In the sentences, “The dog barked at me. I was scared,” we take for granted that the child understands that “I” in the second sentence refers to “me” in the first sentence and not to “dog.”
But some kids don’t understand this, especially students learning English as a second language. Relationships which some students implicitly understand need to be explicitly taught to these students.
In particular, younger students need to practice examples of
- Singular pronouns which refer back to singular nouns.
- Plural pronouns which refer back to plural nouns.
- Masculine pronouns which refer back to masculine nouns.
- Feminine pronouns which refer back to feminine nouns.
- Neutral pronouns which refer back to neutral nouns.
- Pronouns which refer back to words two sentences back.
One way you can test if a particular student understands pronoun-antecedent agreement is to provide the student with a reading passage containing several pronouns. You circle the pronouns and ask the student to draw an arrow from each circled pronoun to its antecedent. Or your color-code the pronouns with their antecedents.
Another way is to tape over the pronouns and ask the student to supply them.

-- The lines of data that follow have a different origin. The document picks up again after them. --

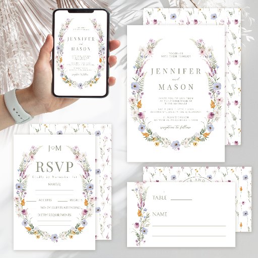 植物性エレガントの水色のカラフル野花、花嫁と新郎新婦モノグラムの庭や素朴な納屋の夏の紙のプレートと小さな花結婚。
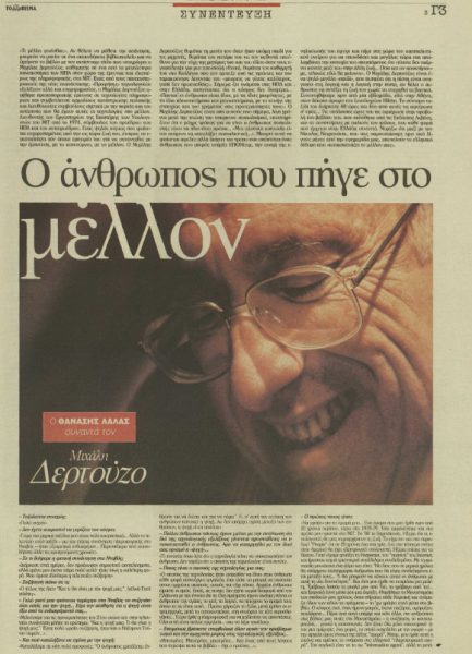*Απόσπασμα από συνέντευξη που είχε παραχωρήσει ο αείμνηστος Μιχάλης Δερτούζοςστον Θανάση Λάλα και είχε δημοσιευτεί στην εφημερίδα «Το Βήμα» την Κυριακή 22 Φεβρουαρίου 1998.
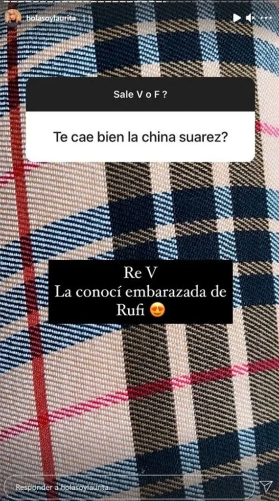 "¿Sale verdadero o falso?", preguntó la conductora y enseguida llegaron las consultas. Y una de ellas fue directa al hueso: "¿Te cae bien la China Suárez?". Sin vueltas, Laurita dijo que sí y reveló cuándo la conoció. "Re verdadero, la conocí cuando estaba embarazada de Rufina", aseguró con un emoji de amor.
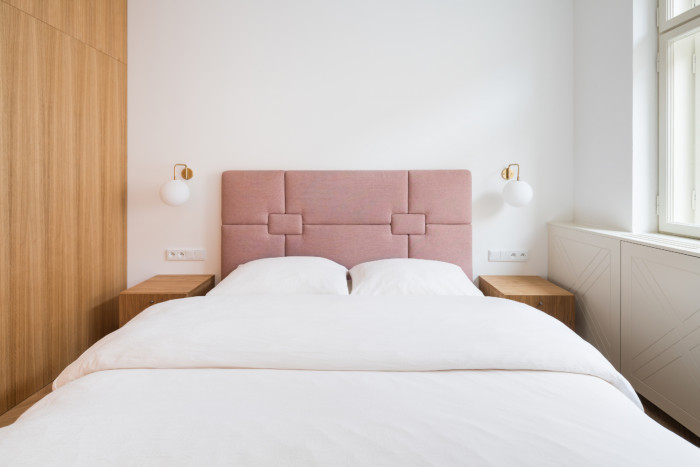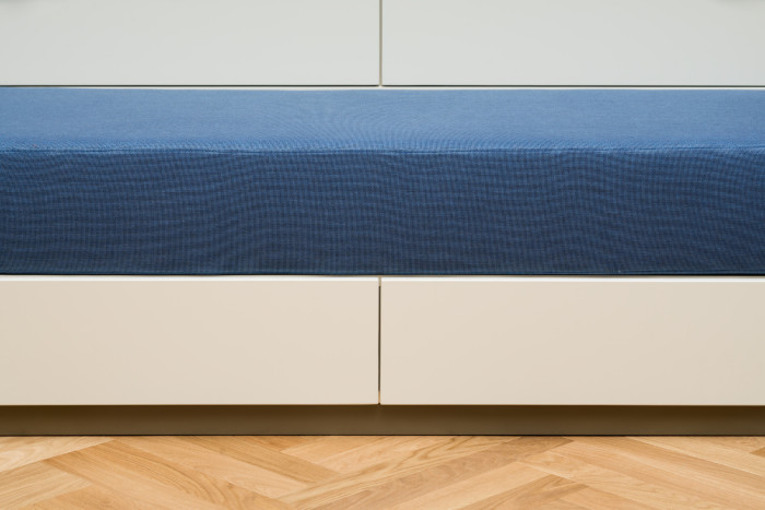 Do tmavé předsíně jsme vložili velkou koupelnu a zatočili příchod do bytu tak, aby nepotřeboval dalšími dveřmi oddělené zádveří, a přece byl zcela oddělen od dění na domovním schodišti. Do interiéru jsme pak v citacích propsali noblesně optimistický ráz domu z unikátní epochy raného 20. století, v jehož útrobách se byt nachází. Fasáda i veřejný interiér domu jsou pojaty s dobovou výtvarnou péčí. Kapotáže topných těles se proto inspirují vzory z domovního zábradlí, špičaté obložky odrážejí okenní štuky, polstrování cituje vzor na domovních dveřích, zatímco v hladkých plochách se stejně jako na jednoduché fasádě domu zdůrazňuje ušlechtilost podstaty – dubových dýh a lakovaných povrchů v jemných odstínech.
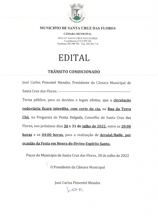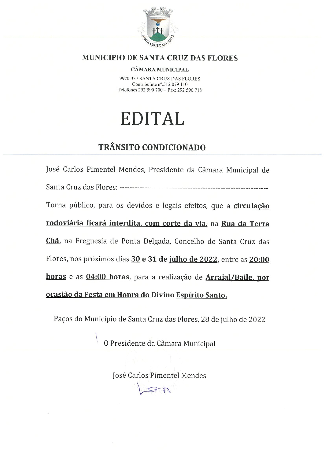 Aviso - Trânsito Condicionado em Ponta Delgada - Festa do Divino Espírito Santo da Terra Chã
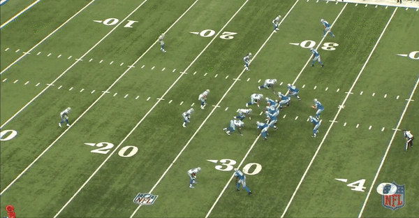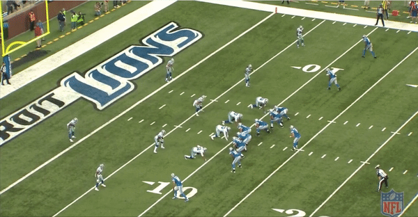 At the beginning of the route, Calvin gets pushed off his line making him almost run into his teammate (seen on the all-22 film below) but still outruns everyone down the field and makes a beautiful over-the-shoulder catch for his second straight reception and puts the Lions in prime scoring territory
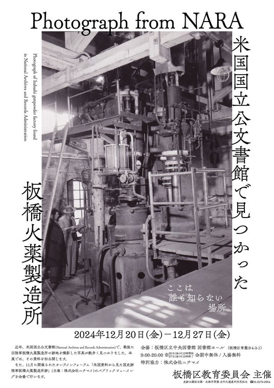 板橋区教育委員会は、令和6年12月20日(金)から27日(金)まで、NARA(米国国立公文書館)で発見された、GHQによる日本占領期(1945年~1952年ごろ)の「旧板橋火薬製造所」に関わる貴重な写真史料の展示会「Photograph from NARA」を、区立中央図書館で開催しています。

Supplying words is always harder than finding words already provided.
A third way is to ask the student to write about a particular subject which involves singular and plural pronouns, such as first grade girls jumping rope at recess.
Some schools teach types of pronouns (subject, object, possessive), but delay teaching pronoun-antecedent agreement. This is a mistake. We use pronouns to take the place of nouns we have previously stated. Students need to hear the relationship between pronouns and nouns in order to understand why we use pronouns at all.